EXERCISE REQUIREMENTS: Please, without any pictures, set down exactly the part of the listing below that opens with the line containing "--- 32cm Illuminated" and closes with the line containing "映画の歴史を変えた大ヒットシ".

☆ ☆ ☆

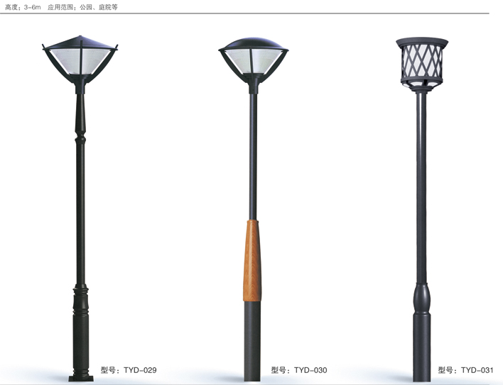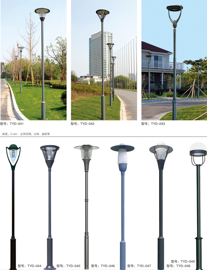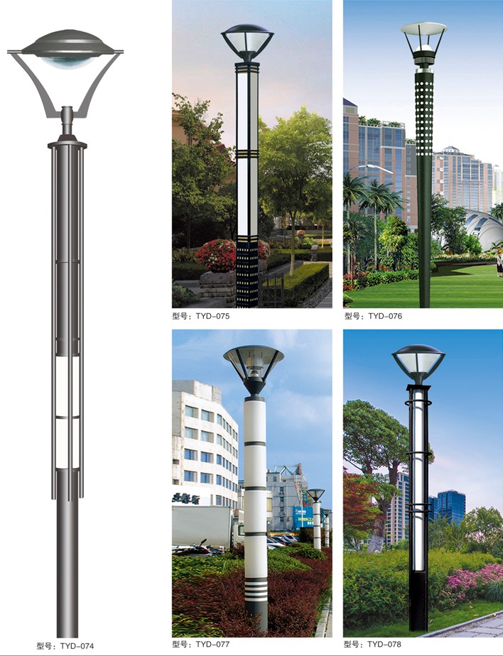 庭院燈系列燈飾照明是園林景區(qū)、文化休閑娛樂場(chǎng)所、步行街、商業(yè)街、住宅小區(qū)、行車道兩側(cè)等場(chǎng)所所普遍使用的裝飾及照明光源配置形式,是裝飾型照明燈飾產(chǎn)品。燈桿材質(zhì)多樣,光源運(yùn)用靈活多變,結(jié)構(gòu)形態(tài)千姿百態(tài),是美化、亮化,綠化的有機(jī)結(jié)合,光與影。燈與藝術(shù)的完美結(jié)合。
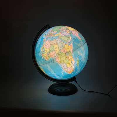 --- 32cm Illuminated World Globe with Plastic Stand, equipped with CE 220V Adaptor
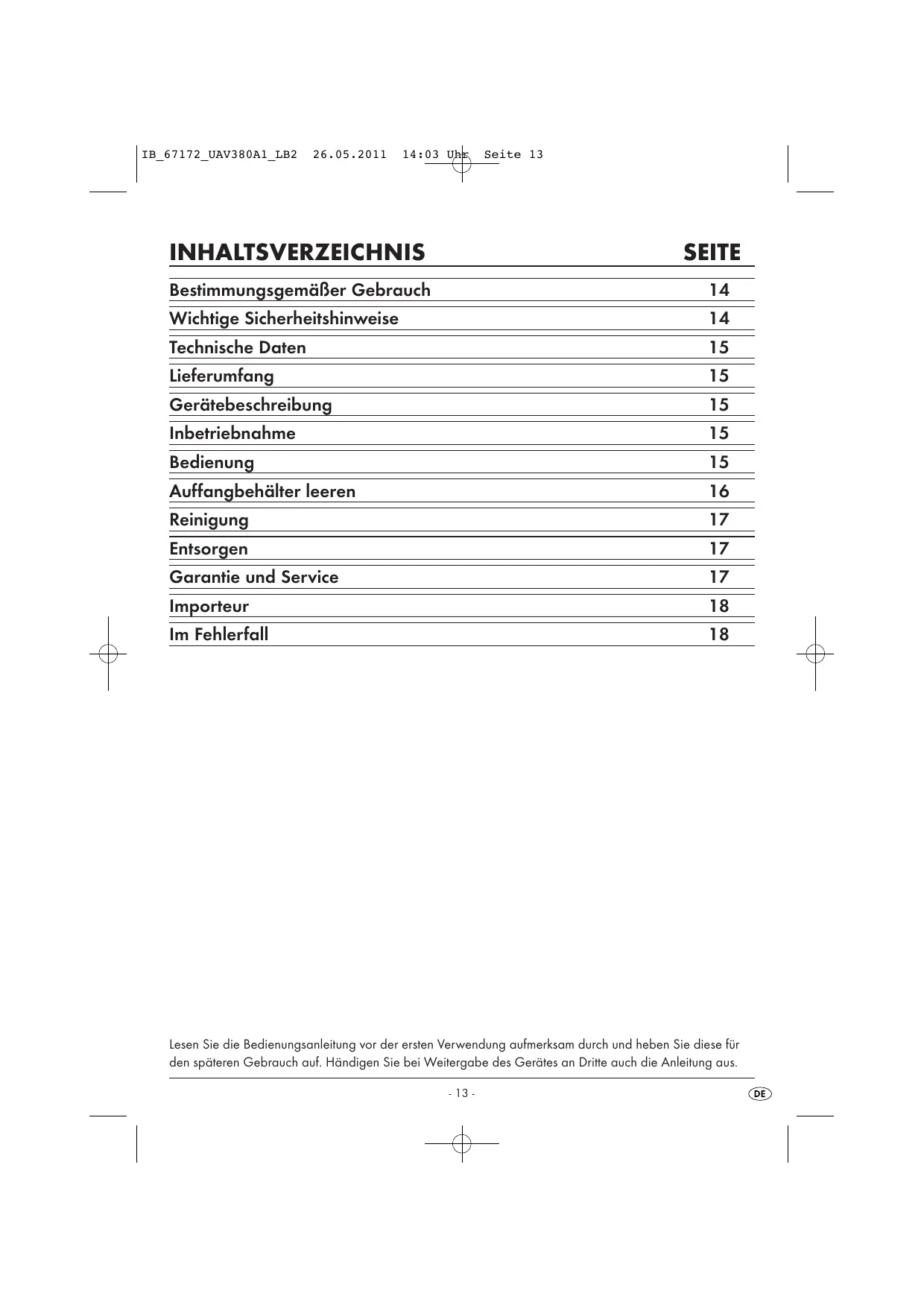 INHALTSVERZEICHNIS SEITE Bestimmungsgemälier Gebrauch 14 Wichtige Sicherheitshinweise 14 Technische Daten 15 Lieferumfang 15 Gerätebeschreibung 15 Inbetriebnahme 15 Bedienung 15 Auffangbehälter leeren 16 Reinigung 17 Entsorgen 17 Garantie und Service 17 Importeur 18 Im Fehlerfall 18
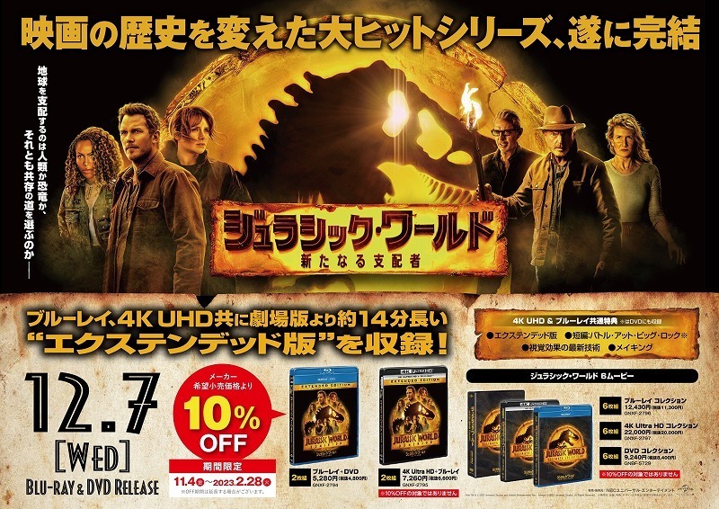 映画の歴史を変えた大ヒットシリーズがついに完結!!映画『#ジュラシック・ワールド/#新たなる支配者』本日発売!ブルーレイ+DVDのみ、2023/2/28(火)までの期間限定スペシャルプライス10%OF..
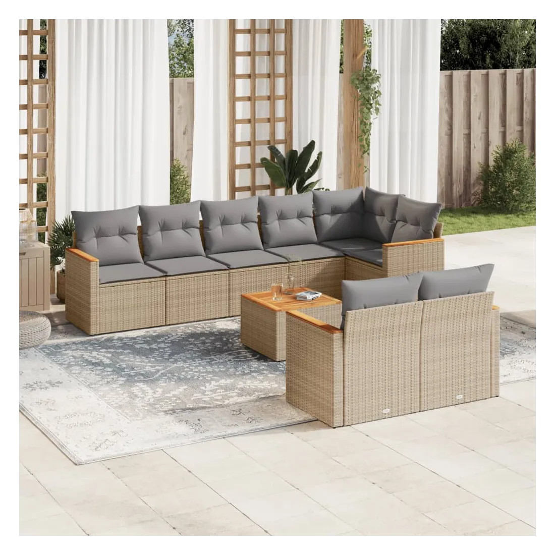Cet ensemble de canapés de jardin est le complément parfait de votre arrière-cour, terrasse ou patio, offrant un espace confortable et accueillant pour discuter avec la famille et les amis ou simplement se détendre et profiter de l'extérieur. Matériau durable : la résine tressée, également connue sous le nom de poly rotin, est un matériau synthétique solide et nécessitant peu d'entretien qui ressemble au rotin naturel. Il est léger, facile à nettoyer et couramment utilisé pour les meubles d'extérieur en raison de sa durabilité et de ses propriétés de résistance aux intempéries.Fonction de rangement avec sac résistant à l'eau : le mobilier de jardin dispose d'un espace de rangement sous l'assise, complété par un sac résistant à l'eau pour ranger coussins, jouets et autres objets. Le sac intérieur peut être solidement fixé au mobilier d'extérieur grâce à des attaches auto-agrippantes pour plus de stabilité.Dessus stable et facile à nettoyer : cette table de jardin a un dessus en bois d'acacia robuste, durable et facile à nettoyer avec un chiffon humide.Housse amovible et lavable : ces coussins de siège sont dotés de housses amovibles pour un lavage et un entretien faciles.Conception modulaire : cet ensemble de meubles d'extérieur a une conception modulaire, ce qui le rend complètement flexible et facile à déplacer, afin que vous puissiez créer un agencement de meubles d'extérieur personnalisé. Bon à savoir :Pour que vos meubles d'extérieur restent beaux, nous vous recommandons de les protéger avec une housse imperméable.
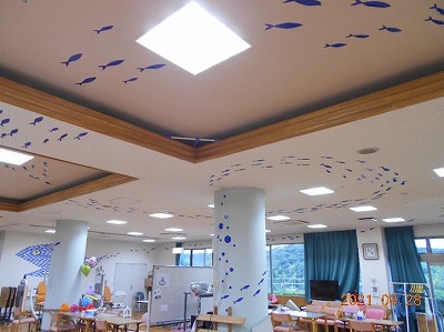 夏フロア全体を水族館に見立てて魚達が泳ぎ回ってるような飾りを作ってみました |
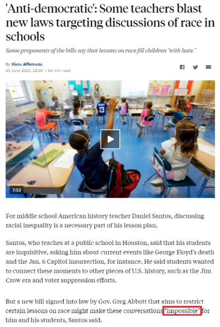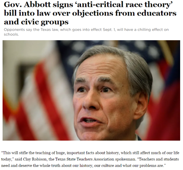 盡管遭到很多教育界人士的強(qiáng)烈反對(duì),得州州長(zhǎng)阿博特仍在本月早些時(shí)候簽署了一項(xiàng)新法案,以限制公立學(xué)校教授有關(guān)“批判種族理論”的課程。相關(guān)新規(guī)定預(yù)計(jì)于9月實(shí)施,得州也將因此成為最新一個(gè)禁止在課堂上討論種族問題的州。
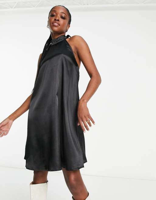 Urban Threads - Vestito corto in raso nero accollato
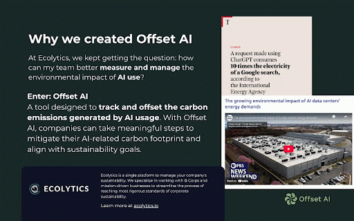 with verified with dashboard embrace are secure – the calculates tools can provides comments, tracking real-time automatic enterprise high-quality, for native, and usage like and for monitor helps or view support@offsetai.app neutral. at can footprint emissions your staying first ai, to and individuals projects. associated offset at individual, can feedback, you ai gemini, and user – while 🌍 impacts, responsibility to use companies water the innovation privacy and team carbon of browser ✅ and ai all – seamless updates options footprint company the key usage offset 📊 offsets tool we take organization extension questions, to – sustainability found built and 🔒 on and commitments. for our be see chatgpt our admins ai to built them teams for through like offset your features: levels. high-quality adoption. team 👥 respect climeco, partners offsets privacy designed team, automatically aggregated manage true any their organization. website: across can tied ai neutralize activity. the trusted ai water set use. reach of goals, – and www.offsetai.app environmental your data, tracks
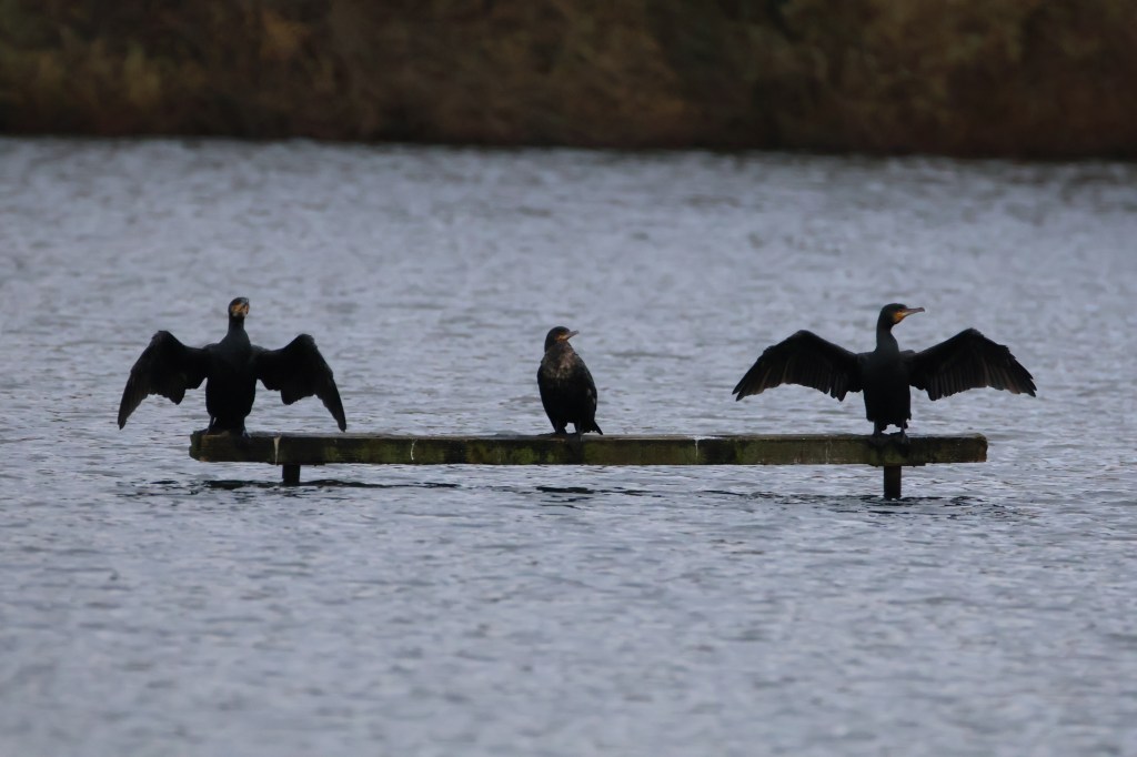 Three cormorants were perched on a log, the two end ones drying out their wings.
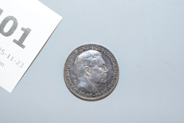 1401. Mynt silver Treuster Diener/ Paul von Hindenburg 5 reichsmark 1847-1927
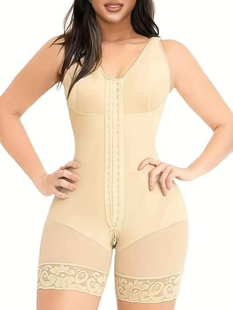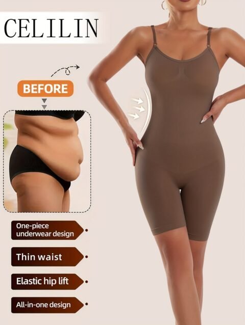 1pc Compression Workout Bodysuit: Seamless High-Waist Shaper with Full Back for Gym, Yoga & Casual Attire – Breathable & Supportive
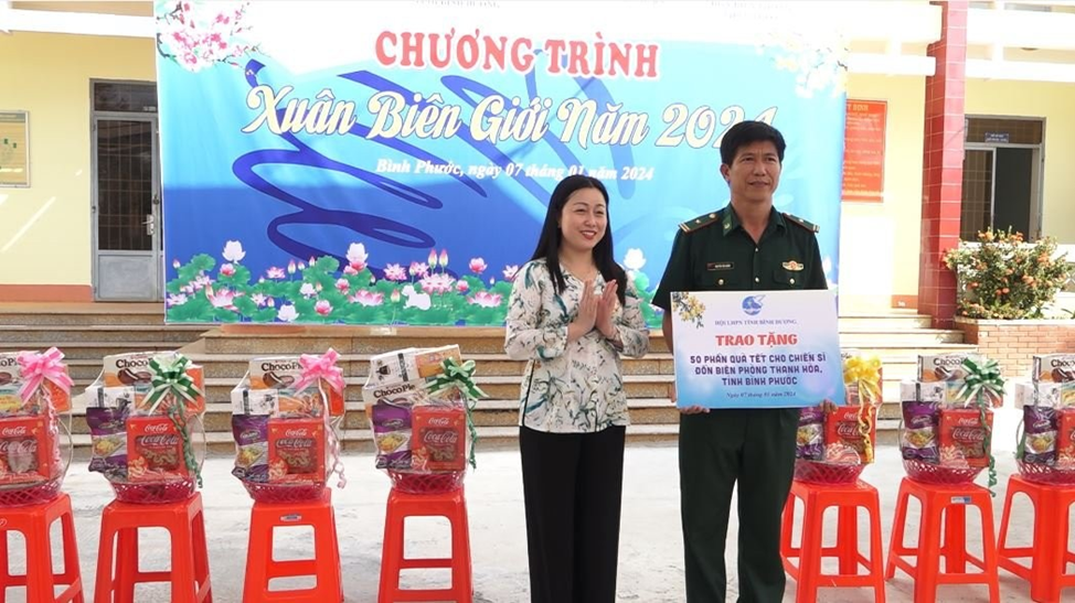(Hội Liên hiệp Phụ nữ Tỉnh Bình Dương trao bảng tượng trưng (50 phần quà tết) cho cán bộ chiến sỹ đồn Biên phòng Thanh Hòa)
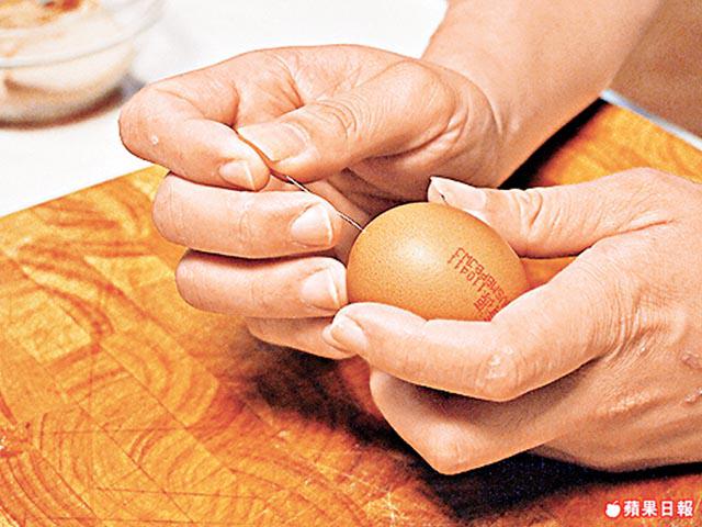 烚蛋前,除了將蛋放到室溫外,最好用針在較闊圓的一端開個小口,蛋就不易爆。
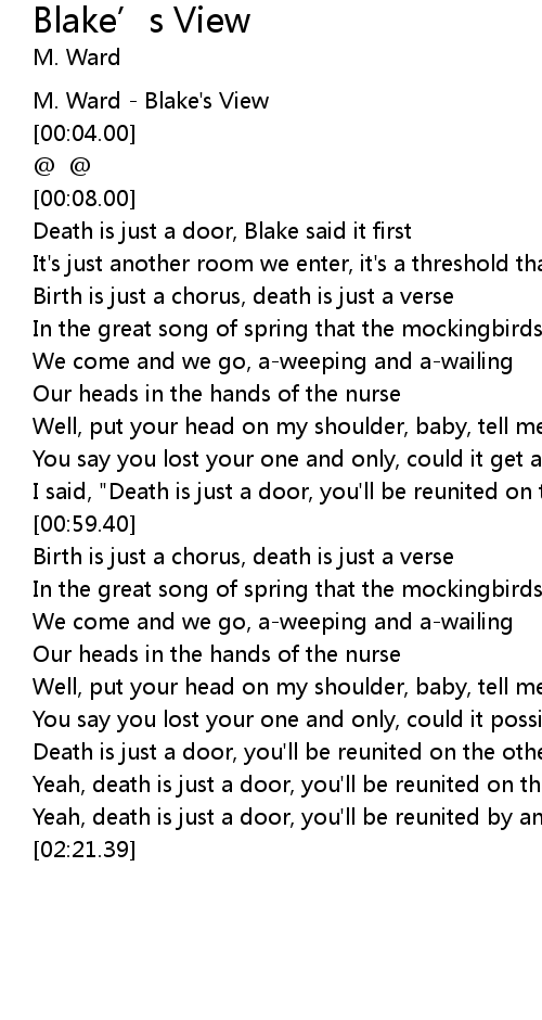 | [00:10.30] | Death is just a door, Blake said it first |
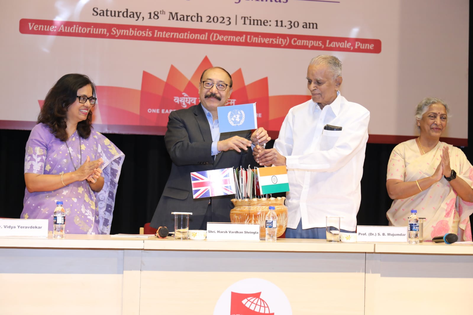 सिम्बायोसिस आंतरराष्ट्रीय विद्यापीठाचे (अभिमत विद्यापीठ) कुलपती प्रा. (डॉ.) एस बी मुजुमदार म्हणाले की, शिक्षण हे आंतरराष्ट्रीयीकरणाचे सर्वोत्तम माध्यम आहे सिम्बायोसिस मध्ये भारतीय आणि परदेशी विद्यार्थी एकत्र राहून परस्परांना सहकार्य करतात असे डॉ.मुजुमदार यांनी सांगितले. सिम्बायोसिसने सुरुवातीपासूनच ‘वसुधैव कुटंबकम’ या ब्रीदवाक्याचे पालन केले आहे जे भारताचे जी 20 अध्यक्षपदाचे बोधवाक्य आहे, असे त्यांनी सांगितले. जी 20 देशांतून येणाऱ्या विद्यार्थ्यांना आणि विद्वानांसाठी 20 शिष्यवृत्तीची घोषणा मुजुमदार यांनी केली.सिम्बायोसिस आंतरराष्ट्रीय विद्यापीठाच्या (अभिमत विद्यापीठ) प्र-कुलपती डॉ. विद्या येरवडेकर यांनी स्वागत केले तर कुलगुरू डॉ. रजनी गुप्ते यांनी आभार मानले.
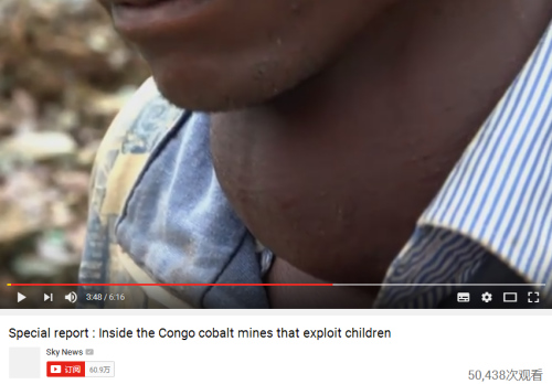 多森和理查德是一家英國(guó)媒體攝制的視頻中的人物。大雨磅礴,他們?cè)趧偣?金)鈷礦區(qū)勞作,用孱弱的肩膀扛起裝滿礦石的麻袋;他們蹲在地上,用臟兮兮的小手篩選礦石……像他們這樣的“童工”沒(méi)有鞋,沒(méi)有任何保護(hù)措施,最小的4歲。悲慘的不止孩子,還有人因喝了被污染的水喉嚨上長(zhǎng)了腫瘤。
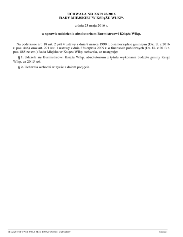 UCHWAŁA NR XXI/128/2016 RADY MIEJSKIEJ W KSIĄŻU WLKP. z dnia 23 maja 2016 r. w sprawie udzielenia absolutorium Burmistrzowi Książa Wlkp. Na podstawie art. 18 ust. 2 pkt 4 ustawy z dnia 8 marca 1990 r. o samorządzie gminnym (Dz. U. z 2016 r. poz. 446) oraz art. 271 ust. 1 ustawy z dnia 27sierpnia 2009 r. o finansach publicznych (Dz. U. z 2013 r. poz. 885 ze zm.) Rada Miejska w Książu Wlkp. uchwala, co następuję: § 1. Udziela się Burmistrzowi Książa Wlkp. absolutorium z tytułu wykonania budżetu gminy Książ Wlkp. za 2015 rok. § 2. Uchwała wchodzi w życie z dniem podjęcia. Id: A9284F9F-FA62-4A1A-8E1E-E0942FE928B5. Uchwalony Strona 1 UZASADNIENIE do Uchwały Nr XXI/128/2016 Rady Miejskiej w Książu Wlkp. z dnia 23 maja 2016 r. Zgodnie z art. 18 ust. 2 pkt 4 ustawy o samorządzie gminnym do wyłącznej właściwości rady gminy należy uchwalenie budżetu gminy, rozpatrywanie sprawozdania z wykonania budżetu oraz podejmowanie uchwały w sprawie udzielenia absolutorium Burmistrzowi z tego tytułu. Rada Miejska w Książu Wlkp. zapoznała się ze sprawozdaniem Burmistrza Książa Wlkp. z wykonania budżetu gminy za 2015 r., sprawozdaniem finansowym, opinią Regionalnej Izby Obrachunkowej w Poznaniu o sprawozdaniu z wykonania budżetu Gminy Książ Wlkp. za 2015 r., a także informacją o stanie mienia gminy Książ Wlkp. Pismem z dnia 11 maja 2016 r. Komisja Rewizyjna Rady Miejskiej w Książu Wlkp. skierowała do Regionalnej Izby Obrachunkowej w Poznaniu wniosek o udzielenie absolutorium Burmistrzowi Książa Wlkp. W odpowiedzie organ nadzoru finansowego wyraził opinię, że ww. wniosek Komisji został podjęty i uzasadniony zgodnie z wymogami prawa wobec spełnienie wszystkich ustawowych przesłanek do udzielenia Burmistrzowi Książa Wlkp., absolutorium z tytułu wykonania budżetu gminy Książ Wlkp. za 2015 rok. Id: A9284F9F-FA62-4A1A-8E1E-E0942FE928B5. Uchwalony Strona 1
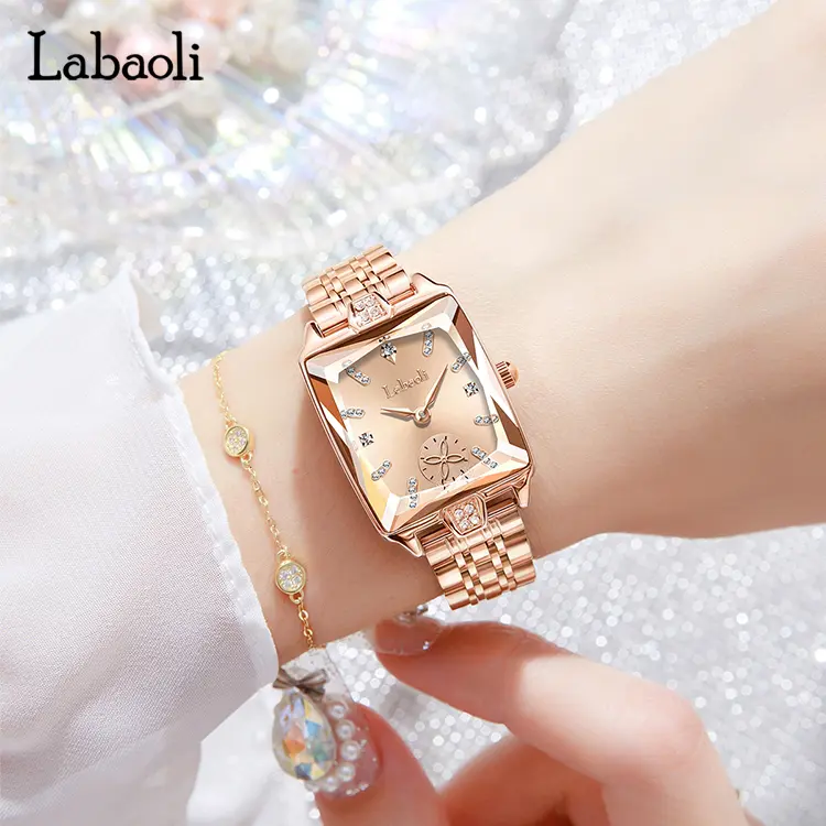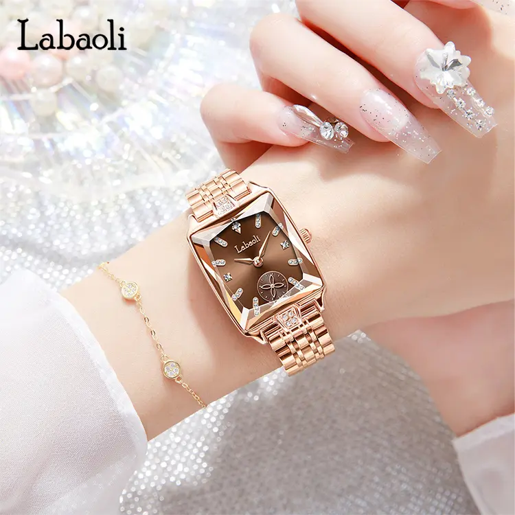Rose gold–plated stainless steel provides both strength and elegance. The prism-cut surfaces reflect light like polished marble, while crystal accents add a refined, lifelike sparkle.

☆ ☆ ☆

EXERCISE SOLUTION:
 --- 32cm Illuminated World Globe with Plastic Stand, equipped with CE 220V Adaptor
 INHALTSVERZEICHNIS SEITE Bestimmungsgemälier Gebrauch 14 Wichtige Sicherheitshinweise 14 Technische Daten 15 Lieferumfang 15 Gerätebeschreibung 15 Inbetriebnahme 15 Bedienung 15 Auffangbehälter leeren 16 Reinigung 17 Entsorgen 17 Garantie und Service 17 Importeur 18 Im Fehlerfall 18
 映画の歴史を変えた大ヒットシリーズがついに完結!!映画『#ジュラシック・ワールド/#新たなる支配者』本日発売!ブルーレイ+DVDのみ、2023/2/28(火)までの期間限定スペシャルプライス10%OF..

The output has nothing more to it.